The euro had a volatile day - being sold off as Russian President Boris Yeltsin sacked his prime minister and then bought back again as news emerged that the US Treasury Secretary had resigned.
As a result, the euro closed the European session at $1.0670, having weakened to $1.0630 on Mr Yevgeny Primakov's sacking, and then bouncing back to $1.0733 as rumours of Mr Robert Rubin's resignation swept the market. However, the dollar recovered on confirmation that Mr Rubin would be leaving in July as part of a planned re-entry to the private sector and that he was being replaced by his deputy, Mr Larry Summers.
At the same time the US currency weakened against sterling, following publication of the Bank of England's inflation report. It closed at 65.80p from 66.18p a day earlier.
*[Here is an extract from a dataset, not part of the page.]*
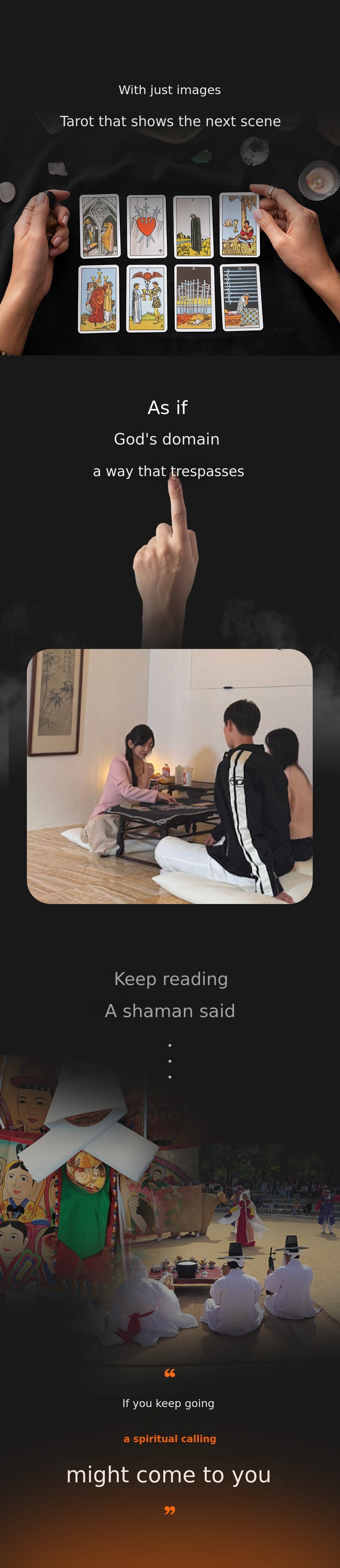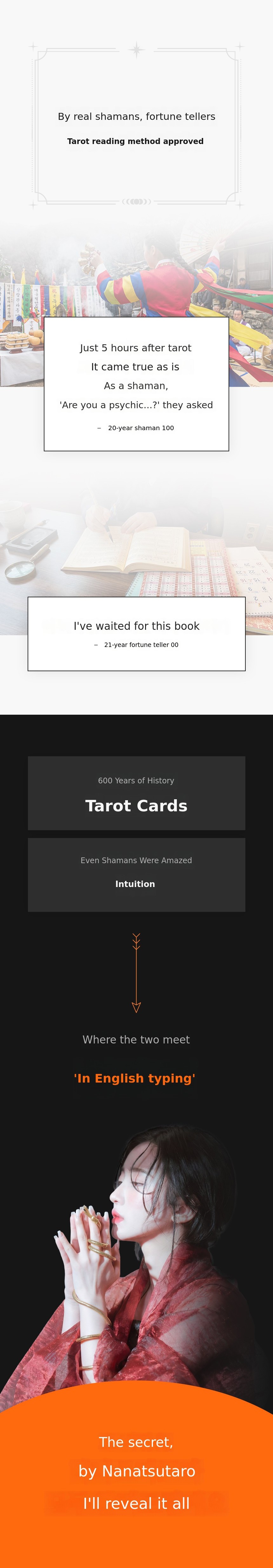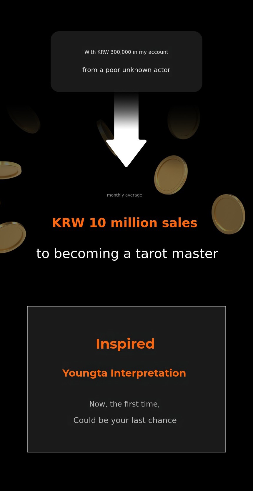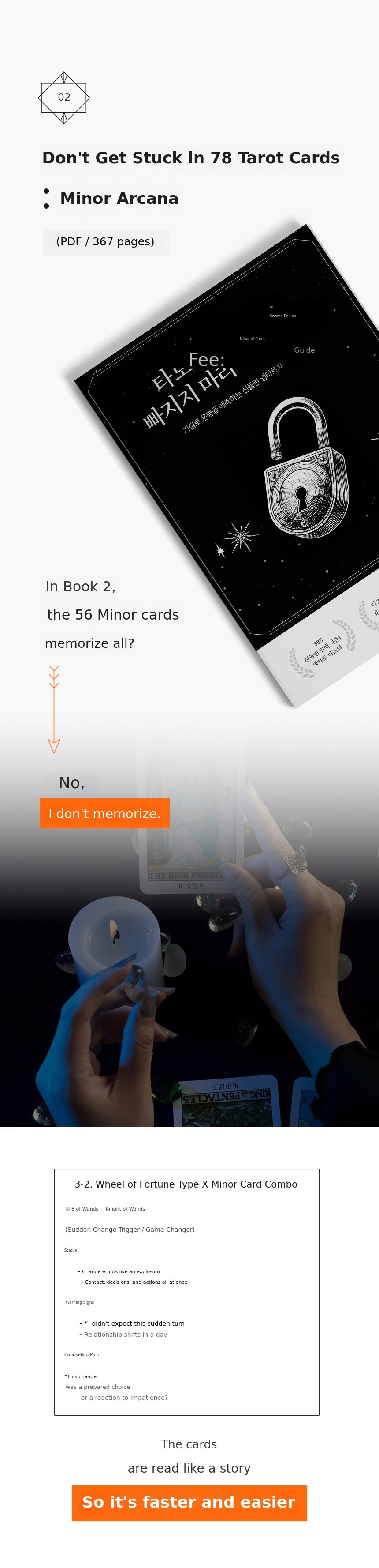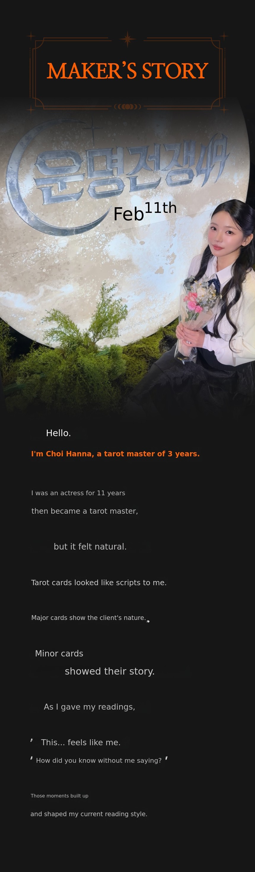 At 28, I ended my 11-year acting career. With only 300,000 won in my bank account, a used book bought from a secondhand market, and a pack of cards I got as a bonus. That was all I had to start. Without learning the keywords, I just looked at the pictures and imagined, and amazingly, I could read the cards. I found out later.That it was called 'Young Tarot'.

The pound closed at 83.70p against sterling from 84.02p a day earlier.
According to Mr Jim Power, chief economist at Bank of Ireland, Mr Summers is likely to pursue the same polices as Mr Rubin despite their very different backgrounds.
"It is likely that Mr Summers will continue the combination of a strong dollar, and persuading the Japanese and Europeans to stimulate their economies aggressively."
Meanwhile, sterling gained even more strength against the euro as the markets continue to test the resolve of the Bank of England.
In its inflation report, the bank sees signs of economic recovery and said the inflation target of 2.5 per cent is achievable. But it also warned that if sterling strength is sustained there is a probability that the inflation target would be undershot thereby necessitating lower rates.
According to Mr Power, the markets are now simply pushing sterling higher in order to test the bank's resolve and see if they can provoke another rate cut.